Work to be completed
Please reproduce the data exactly, though every picture must stay out.

Supplied information

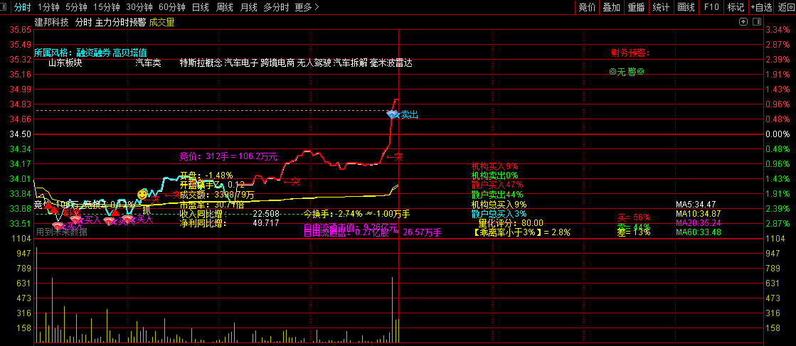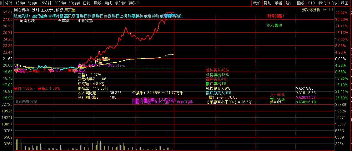 2.分时图中买入信号是主力单笔介入量比较大的点,突破信号是突破当天高点实现量价齐突的共振,扫盘信号是主力连续吃掉挂单筹码的扫盘口的信号。
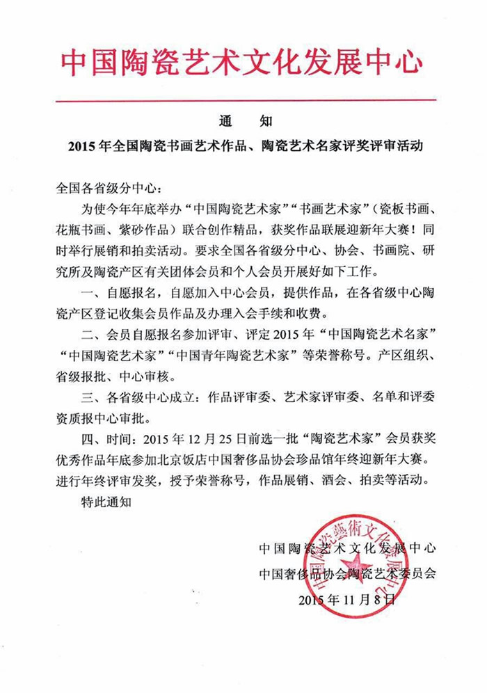 四、时间:2015年12月25日前选一批“陶瓷艺术家”会员获奖优秀作品年底参加北京饭店中国奢侈品协会珍品馆年终迎新年大赛。进行年终评审发奖,授予荣誉称号,作品展销、酒会、拍卖等活动。
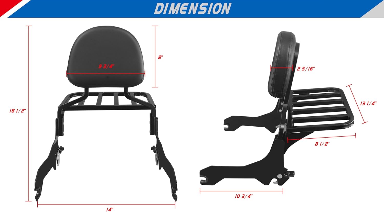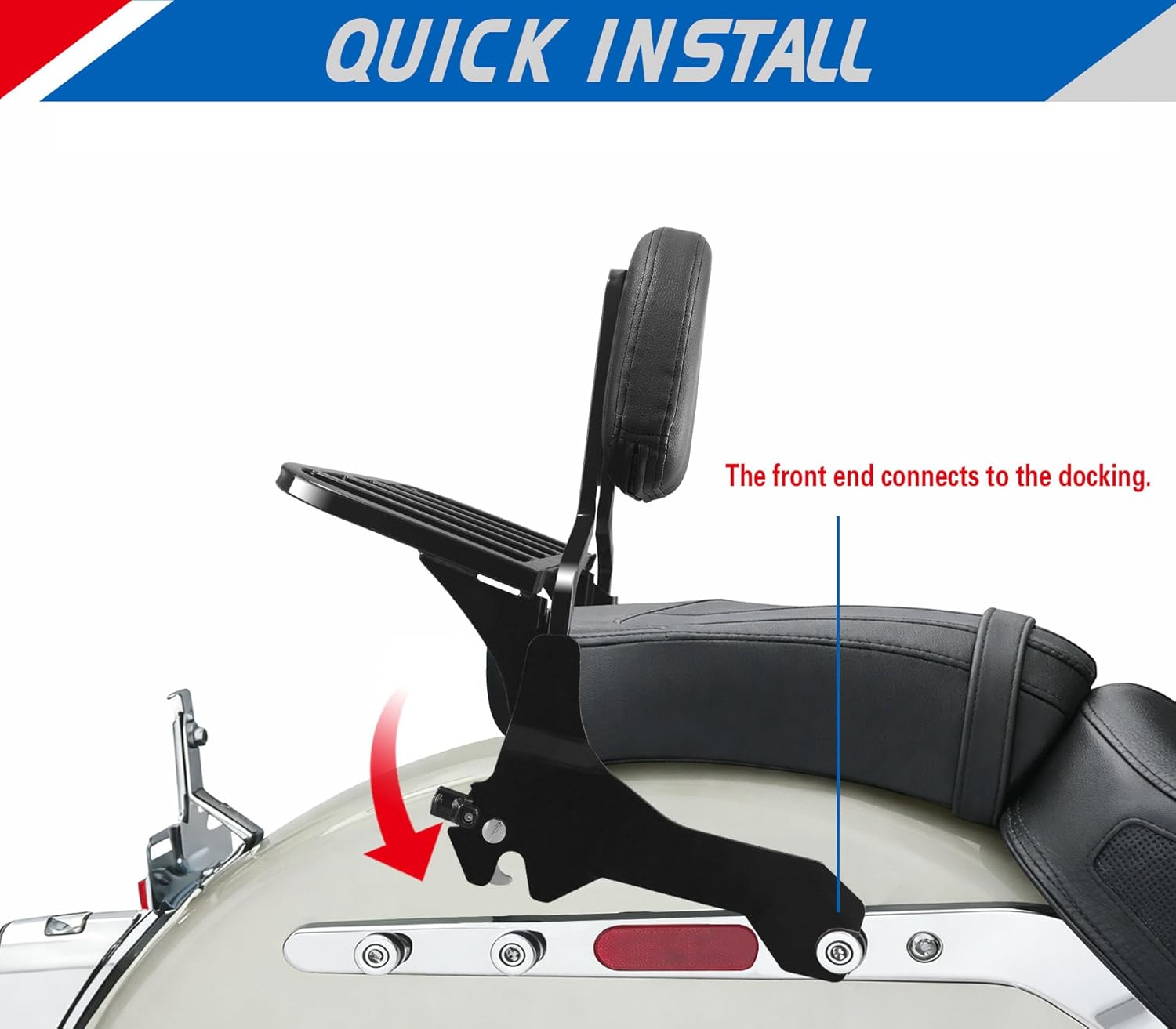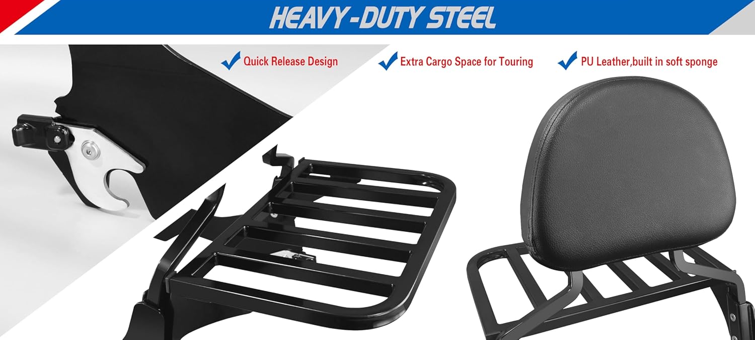 The Upright Rear Passenger Backrest Sissy Bar with Luggage Rack & Docking Hardware Kit is Compatible with Harley Softail Breakout 2018-2026.Upgrade your motorcycle with a detachable passenger backrest sissy bar designed for comfort, durability, and classic touring style.This motorcycle passenger backrest provides stable back support for passengers during acceleration, braking, and long-distance riding. The cushioned backrest pad helps reduce fatigue and improves comfort, making it ideal for touring riders and weekend trips.The sissy bar frame is constructed from heavy-duty steel tubing to ensure excellent strength and durability. A black powder-coated finish helps resist corrosion, scratches, and harsh weather conditions, allowing the backrest to maintain its appearance even after long-term use.Thanks to the detachable design, the backrest can be easily installed or removed depending on your riding needs. Keep it installed when riding with a passenger or remove it quickly for a clean solo riding look.Installs quickly using compatible docking hardware. Simply mount the sissy bar to the docking points for a secure fit—no drilling or complicated modifications required.Whether you’re commuting, cruising through the city, or heading out on long touring rides, this passenger backrest sissy bar offers both style and comfort for your motorcycle.

Written solution
 2.分时图中买入信号是主力单笔介入量比较大的点,突破信号是突破当天高点实现量价齐突的共振,扫盘信号是主力连续吃掉挂单筹码的扫盘口的信号。
 四、时间:2015年12月25日前选一批“陶瓷艺术家”会员获奖优秀作品年底参加北京饭店中国奢侈品协会珍品馆年终迎新年大赛。进行年终评审发奖,授予荣誉称号,作品展销、酒会、拍卖等活动。
 The Upright Rear Passenger Backrest Sissy Bar with Luggage Rack & Docking Hardware Kit is Compatible with Harley Softail Breakout 2018-2026.Upgrade your motorcycle with a detachable passenger backrest sissy bar designed for comfort, durability, and classic touring style.This motorcycle passenger backrest provides stable back support for passengers during acceleration, braking, and long-distance riding. The cushioned backrest pad helps reduce fatigue and improves comfort, making it ideal for touring riders and weekend trips.The sissy bar frame is constructed from heavy-duty steel tubing to ensure excellent strength and durability. A black powder-coated finish helps resist corrosion, scratches, and harsh weather conditions, allowing the backrest to maintain its appearance even after long-term use.Thanks to the detachable design, the backrest can be easily installed or removed depending on your riding needs. Keep it installed when riding with a passenger or remove it quickly for a clean solo riding look.Installs quickly using compatible docking hardware. Simply mount the sissy bar to the docking points for a secure fit—no drilling or complicated modifications required.Whether you’re commuting, cruising through the city, or heading out on long touring rides, this passenger backrest sissy bar offers both style and comfort for your motorcycle.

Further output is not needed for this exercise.